12 February 2016

What is carburizing?

What is carburizing process?

Carburizing is one of the most widely used surface hardening processes for a long time. 

Carburising is a method to harden low-carbon steel. Carbon atoms are diffused to steel surface after carburisation, quenching is done and steel gets hardened.

Carburizing heat treatment is the introduction of carbon into the surface of the steel and produces a surface which is resistant to wear while maintaining toughness and strength of the core. It occurs when the steel is heated above the critical temperature in a carburizing furnace which contains more carbon than steel contains.

The process involves diffusing carbon into low carbon steel to form a high carbon steel surface.

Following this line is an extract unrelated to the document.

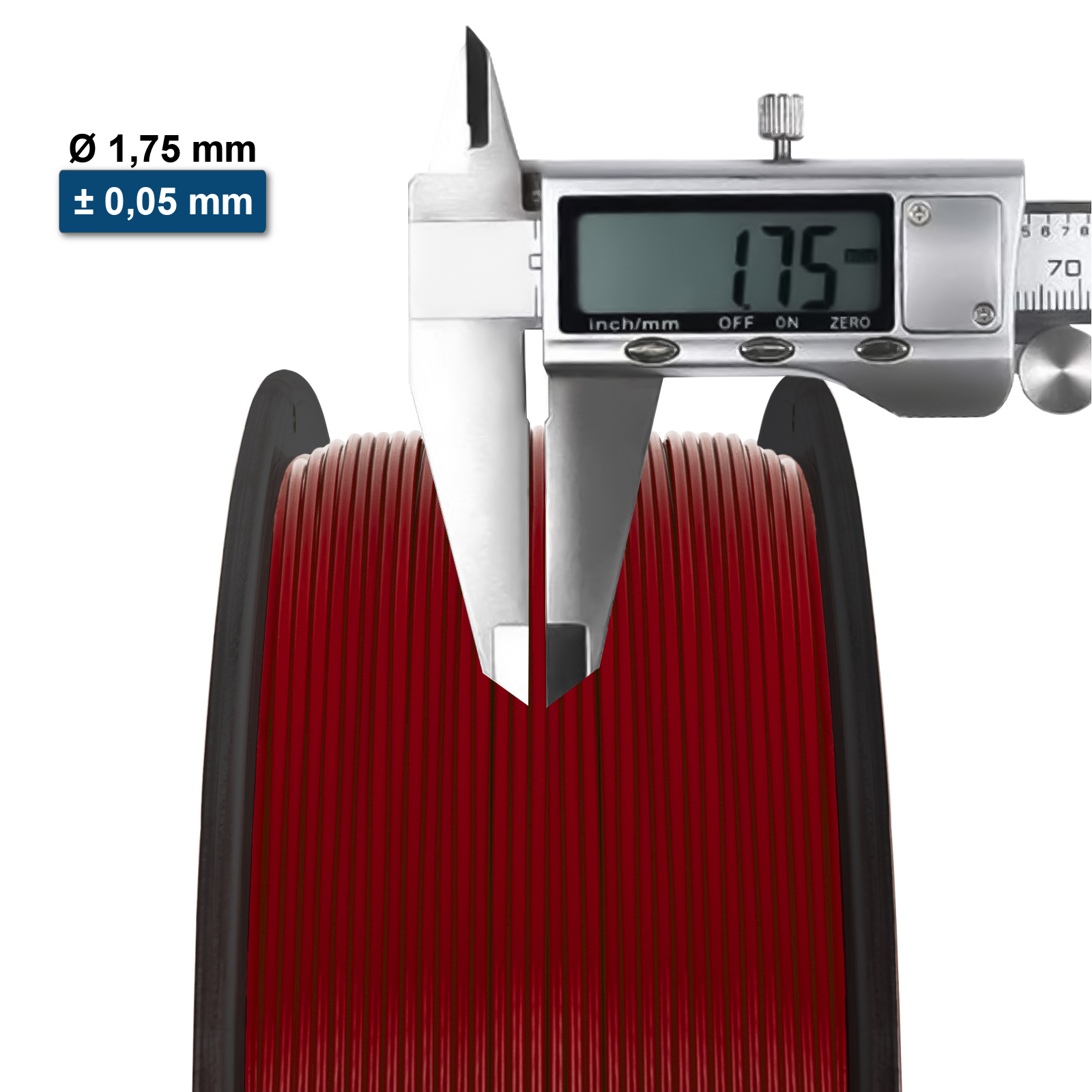 Mit unseren 1,75 mm PLA 3D-Filamenten setzen wir auf höchste Präzision im gesamten Produktionsprozess. Die Herstellung der Filamente erfolgt unter strengsten Prüfungsmechanismen, sodass der Durchmesser der hochwertigen Filamente in jedem Zentimeter eine Toleranz von nur +/- 0,05 mm aufweist. Der daraus entstehende nahezu konstante Filament-Durchmesser verhindert Verstauungen und sorgt für ein reibungsloses Drucken ohne Unterbrechungen, woraus beim Drucken eine minimale Schrumpfung, stärkere Schichthaftung, sowie eine glattere Oberfläche resultieren.

It is essentially the addition of carbon at the surface of low carbon steels at appropriate temperatures.

Hardening agents :

There are different types of elements or materials that can be used to perform this process as hardening agents. Mostly used hardening agents are following below :
  • Carbon monoxide gas ( CO )
  • Sodium cyanide and barium carbonate 
  • Hardwood charcoal 
Effects of carburizing in material properties :

Mechanical :
  • Increased surface hardness.
  • Increased wear resistance.
  • Increased fatigue or tensile strength.
Physical :
  • Grain growth may occur.
  • Change in volume may occur.
Chemical :
  • Increased surface carbon content.

Now we can discuss about the various carburizing processes commonly used by the industry.

  • Pack carburizing 

It is a process in which carbon monoxide derived from a solid compound decomposes at the metal surface into nascent carbon and carbon dioxide.

Nowadays led to reduced use of pack carburizing because of environmental concerns. In this process low carbon steel components are packed in an environment with high carbon content such as carbon powder. 

The components are heated with the production of carbon monoxide, which is called a reducing agent. The steel components are become hardened because of the carbon absorption inside the component. 

Control of this process is difficult because it is difficult to maintain uniform temperatures. It is an effective process in introducing carbon but this method is exceedingly slow. In this process carbon monoxide is given off by coke or hardwood charcoal.

  • Gas carburizing 

Gas carburizing is a surface hardening process which is carried out at a very high temperature. 

The parts are surrounded by a carbon-bearing atmosphere that can be continuously replaced and because of that, a high carbon potential can be maintained. 

The gas carburizing process is mostly similar to pack carburizing process aside from the supply of carbon monoxide (CO) gas to the heated furnace and the carbon decomposition. CO gas needs to be contained safely. 

Gas carburizing is the most effective and widely used method for carburizing steel parts in large quantities in many industries.

  • Liquid carburizing 

Liquid carburizing is a process used for case hardening of steel or iron made components. 
In this process, the components made from steel are submerged in a liquefied carbon-rich environment. The main component in such baths is cyanide. 

Cases produced by liquid carburizing are lower in nitrogen and higher in carbon than cases produced by cyaniding. However, safety issues have led to baths that are non-toxic that produced similar results. 

Liquid carburizing involves faster heat-up so that cycle times for liquid carburizing are shorter than those for gas carburizing. The components are held in a molten salt that converts carbon into the steel. 

Carbon is diffused inwards producing a hardened case by rapid quenching process. The case produced by carbon diffusion is similar to that produced by the gas carburizing process. Cases that formed by liquid carburizing have low nitrogen and high carbon content.

  • Vacuum carburizing :
The vacuum carburizing process involves carburizing under an absolute pressure environment which is free from oxygen. Since the heating environment is oxygen-free, the carburizing temperatures can be improved significantly without border oxidation of the surface or grain. The atmosphere is significantly simplified although the furnace enclosure is more complex. A single component environment containing hydrocarbons like methane and that can be used. 

The higher temperatures increase the solubility of carbon and the diffusion rate that is why the time necessary for case depth is reduced. The carbon potential of the gas in deep recesses and blind holes is rapidly depleted as vacuum carburizing is carried out under very low pressures and the furnace flow rate of the carburizing gas is very low.

Unless this gas is replaced, a great non-uniformity in case of depth over the surface of the part is likely to occur. The gas pressure is increased significantly, another problem arises, that of free-carbon formation, or sooting is an effort to overcome this problem.

Therefore, in order to obtain uniform depth over complex shape, the gas pressure must be increased periodically to refill the down atmosphere in recesses and then reduced again to the operating pressure. 

  • Plasma carburizing 

Plasma carburizing is environment-friendly. 

With the use of plasma carburizing improve characteristics such as wear and corrosion resistance, hardness and load-bearing capacity with an even treatment of components with complex geometry.

In plasma carburization method, plasma impinges positive carbon ions on the surface of a steel part that used as a cathode. 

The primary difference between standard and plasma carburization is that plasma techniques achieve reduced carburizing times. 

Insignificant industrial plants, plasma carburization used rises because it improved the surface features of different steels and particularly stainless steels.